NEWPORT, R.I. – For nearly 30 years, Newport native Jim O’Connell, M.D., has been moonlighting in the streets of Boston, where he’s saving lives and helping a broken segment of the population to feel whole again.
The work of O’Connell and his extraordinary medical team is the subject of a documentary film by Jeff Schwartz, “Give Me a Shot of Anything: House Calls to the Homeless,” which will be presented at Salve Regina University on Wednesday, March 7 at 7:30 p.m. in Bazarsky Lecture Hall, located in O’Hare Academic Center on Ochre Point Avenue.
Sponsored by the university’s Mercy Center for Spiritual Life and the Office for Community Services, the movie is open to the public. Admission to the program is a canned, non-perishable food item that will be donated to the Martin Luther King Center.
O’Connell will be in attendance to introduce the film and host a question and answer session at its conclusion.

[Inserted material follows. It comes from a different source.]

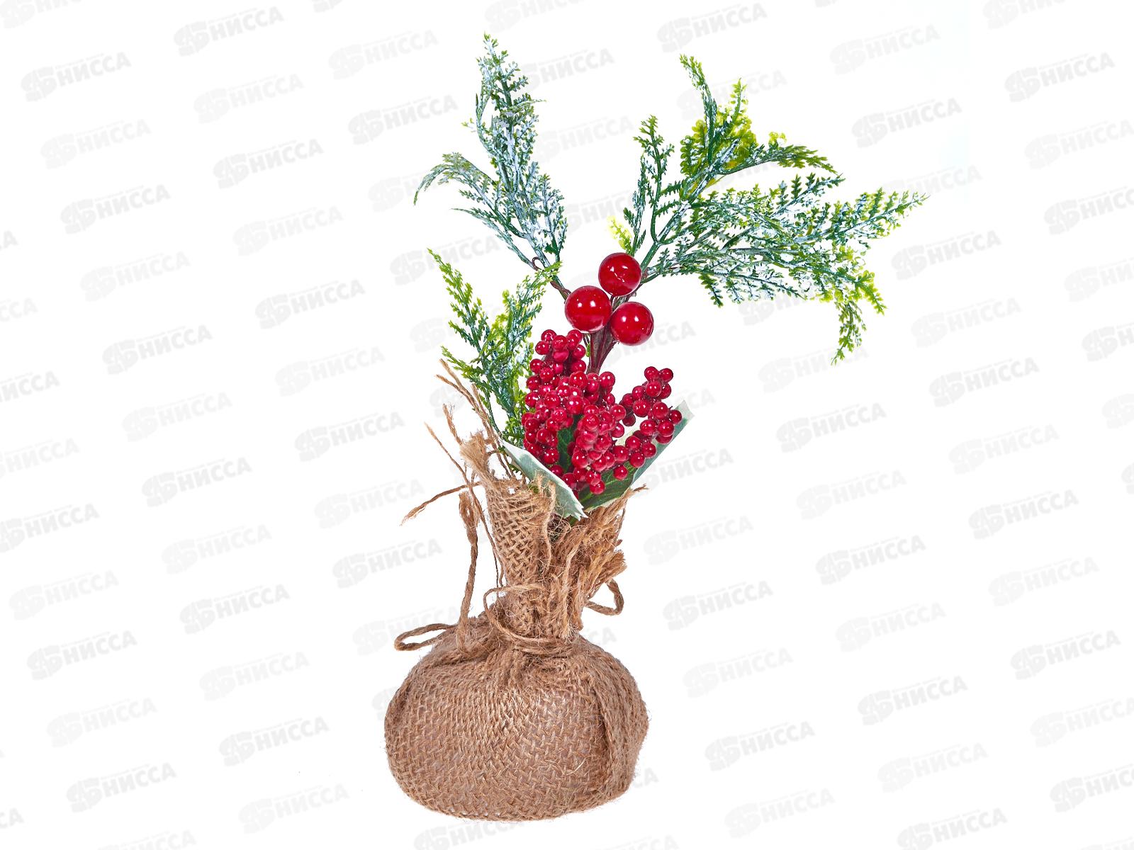Декор "Зимнее очарование" ягодки листья в мешочке 17см 4306297
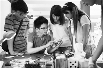 号称“红楼忆梦”团队的几位“小老板”王博文、杨祖桓、宋宏卫、纪承团结创业,影像设计、数码软件、快递业务,主营个性化数码瓷器、服装、拷印工艺,近月内,已为各校区学生制印时尚纪念衫数千件,成绩斐然。

“At nighttime when everyone else goes to bed, that’s when you can tell who’s been staying out on the streets,” O’Connell says. “It’s probably the most opportune time to come out and take care of people who are really street folks.”
There are over 8,000 homeless men, women and children in Boston each night. Many suffer from chronic medical conditions – disease, drug and alcohol addiction and mental illness. The film follows O’Connell and his team of doctors and assistants as they track down the city’s homeless and offer them what in many cases is life-saving medical care. The film also lifts the curtain on a part of Boston that few of us know or think much about.
“People don’t really want to see what’s going on,” says one of O’Connell’s homeless patients in the film. “They have a blind eye.”
O’Connell says some of the people he treats are quickly dismissed by the public as addicts. “But all of a sudden you see the person behind it – and it’s those stories and relationships that keep us involved,” he says.
Canvassing the parks, back alleys and streets of Boston, and building on relationships he has formed over three decades, O’Connell likens it to wartime medicine. He patches up those he can, and offers others with more serious illnesses a way to escape before it's too late.
O’Connell is a Harvard Medical School graduate and president of Boston Health Care for the Homeless Program that he helped found in 1985 after completing his residency at Massachusetts General Hospital.